Sunday, 15 September 2013

Birmingham's Temple of Relief


Just outside the Jewellery Quarter station in Birmingham is a rather special piece of street furniture, in Victorian cast iron. Known as the 'temple of relief', it is a public toilet which has stood here since 1883 and is Grade-II listed. 

The facilities are now closed. A look through the railings which keep out passers-by shows that they were divided into two sections - but these hold urinals not cubicles. It's an interesting choice in an area where many women worked, and suggests that public order rather than users' convenience alone was a significant motivation for placing them here.

Like so much excellent and ambitious Victorian cast iron, this is the work of Walter Macfarlane & Co, made in their Saracen Foundry in Glasgow. There were a number of similar conveniences in Birmingham, several of which survive. Indeed, it seems that one is still in use (although another has been lost!).


9 comments:

Ralph Hancock said...

I have actually, um, relieved myself in that ornate structure, and can confirm that the interior is as you say. Public urinals are still being built, at least in London. Here is a fairly new one at Paddington Station. It has three sides, all open to view so that the user is shielded only by his own back.
http://tinyurl.com/q6ad2bk

Matt Bannister said...

I love the fact that the Victorians managed to add a pseudo-mystical angle by calling it a temple. Well found, Caroline.

Hels said...

Love it :)

Public order rather than users' convenience. Interesting! I wonder how public order might have broken down, had the public toilet not been provided.

And even if public order was indeed the top priority, the cast iron work was very detailed and probably quite expensive.

CarolineLD said...

Thank you for the confirmation, Ralph! It was definitely rather more dignified than the Paddington model...

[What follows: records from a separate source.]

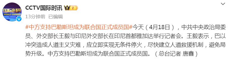 今天(4 月 18 日),中共中央政治局委员、外交部长王毅与印尼外交部长在印尼首都雅加达举行记者会。王毅表示,巴以冲突造成人道主义灾难,应立即实现无条件停火,尽快建立人道救援机制,避免局势升级。中方支持巴勒斯坦成为联合国正式成员国。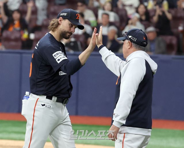 그런데 선뜻 내려가겠다고 했던 와이스의 뜻이 금방 바뀌었다. 서로 절친한 다른 선발진들이 와이스에게 '완봉에 도전하지 않느냐'고 장난쳤던 것. 김경문 감독은 "뒤에서 폰세 등 선수들이 와이스를 놀렸던 것 같다. 그래서 다시 내게 와서 '(9회까지) 던지면 안 될까요?' 하길래 안 된다고 했다"고 웃었다.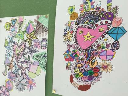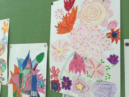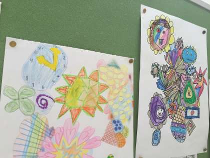 3年生の描いた絵が掲示板にはられています。一人ひとりの心の中にある豊かな世界があふれているように思いました。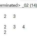 2. 123456789101112131415161718 public class _02 { public static void main(String[] args) { int n[][] = { {1}, {1,2,3}, {1}, {1,2,3,4}, {1,2}}; for(int i=0;i=0;i--) { for(int j=0;j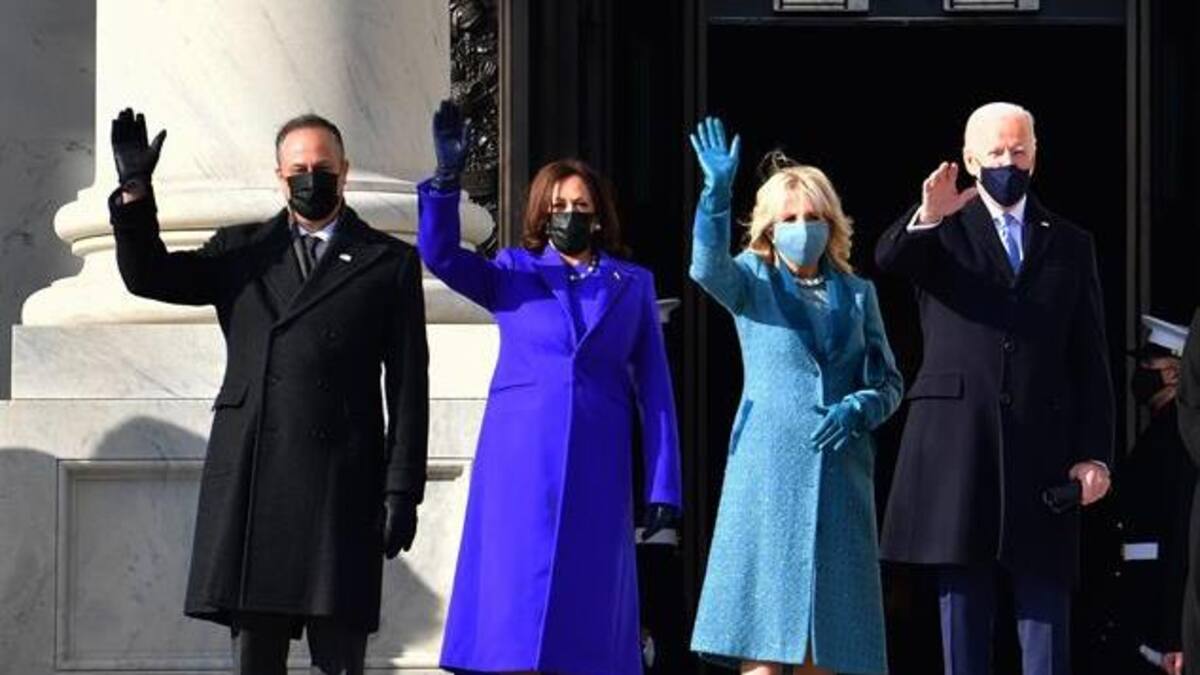 Así, Joe Biden, al ser un evento de día, ha hecho su juramento con un traje azul marino, camisa blanca y corbata celeste, y se protegía del frío con un abrigo marino, prendas casi idénticas a las utilizadas por otros presidentes, como Barack Obama o Bill Clinton, en sus tomas de posesión.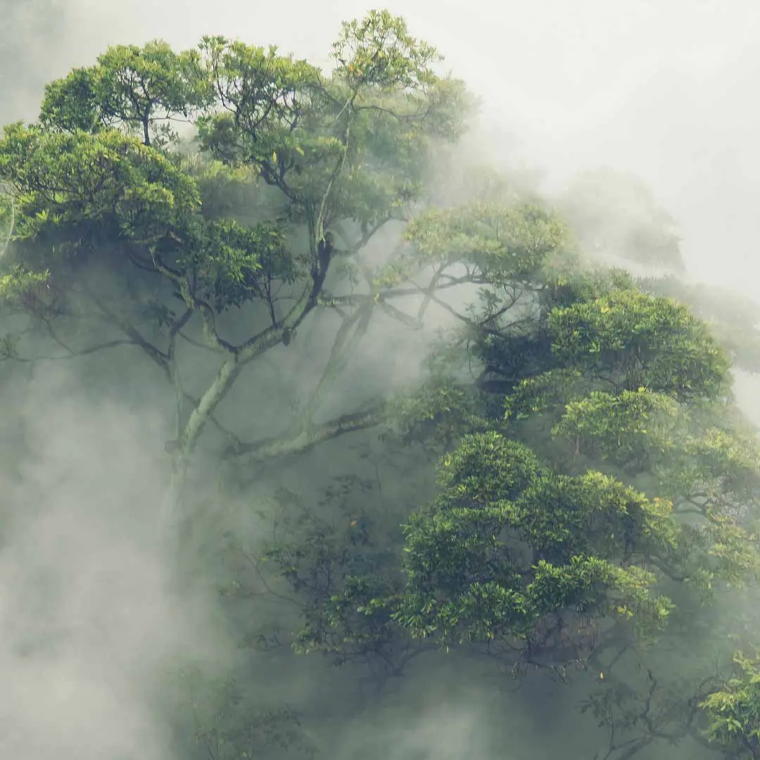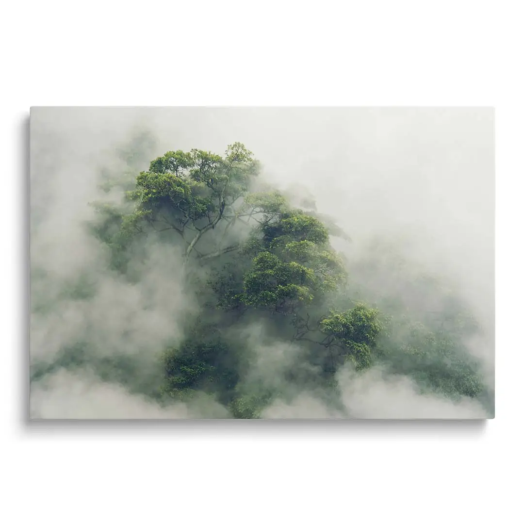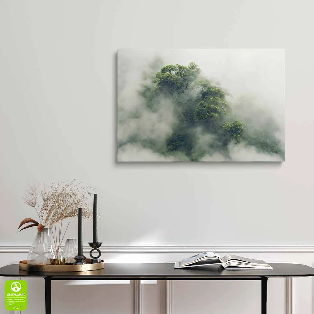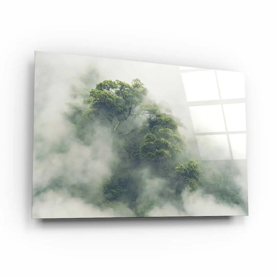 Obraz na szkle akrylowym „Zamglone korony drzew” – nowoczesna dekoracja ścienna do salonu, biura lub sypialni w stylu skandynawskim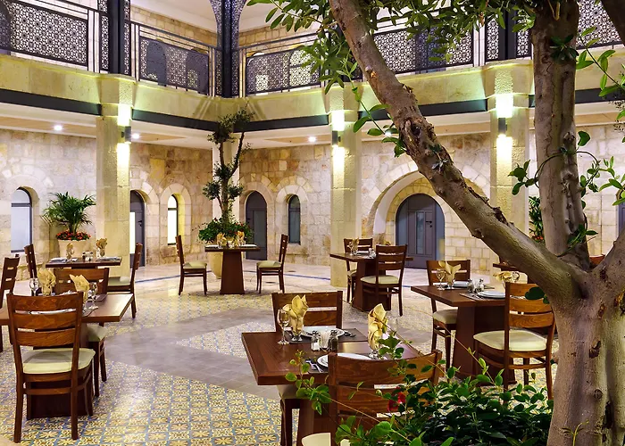 For transportation, the hotel is within walking distance to several bus stations including Western Wall and Jaffa Gate, providing access to various locations in the area. The nearest airport is Ben Gurion Airport, located 34.2 miles away. This positioning allows guests to explore a range of historical landmarks within walking distance.

Hels, I think civic pride (and the lure of Walter Macfarlane's catalogue) worked magic here.

Philip Wilkinson said...

Fascinating. Those old catalogues are marvellous. I have a Victorian one produced by Boulton and Paul's of Norwich that includes wooden public conveniences but not these iron temples.

CarolineLD said...

I'm fascinated by Victorian catalogues, too - the idea that you could buy anything from a urinal to a church by mail order. It makes internet shopping seem rather tame, to be honest!

Ralph Hancock said...

The crowning example of Victorian prefabricated cast iron buildings must be the Bulgarian Church of St Stephen in Istanbul:
http://en.wikipedia.org/wiki/Bulgarian_St._Stephen_Church

Shame it wasn't made by a British ironworks.

CarolineLD said...

Oh, fabulous!

Linda said...

What a beautiful "bathroom" :) I am always amused to find such things as listed buildings or designated landmarks, but they all had their place, I'm sure.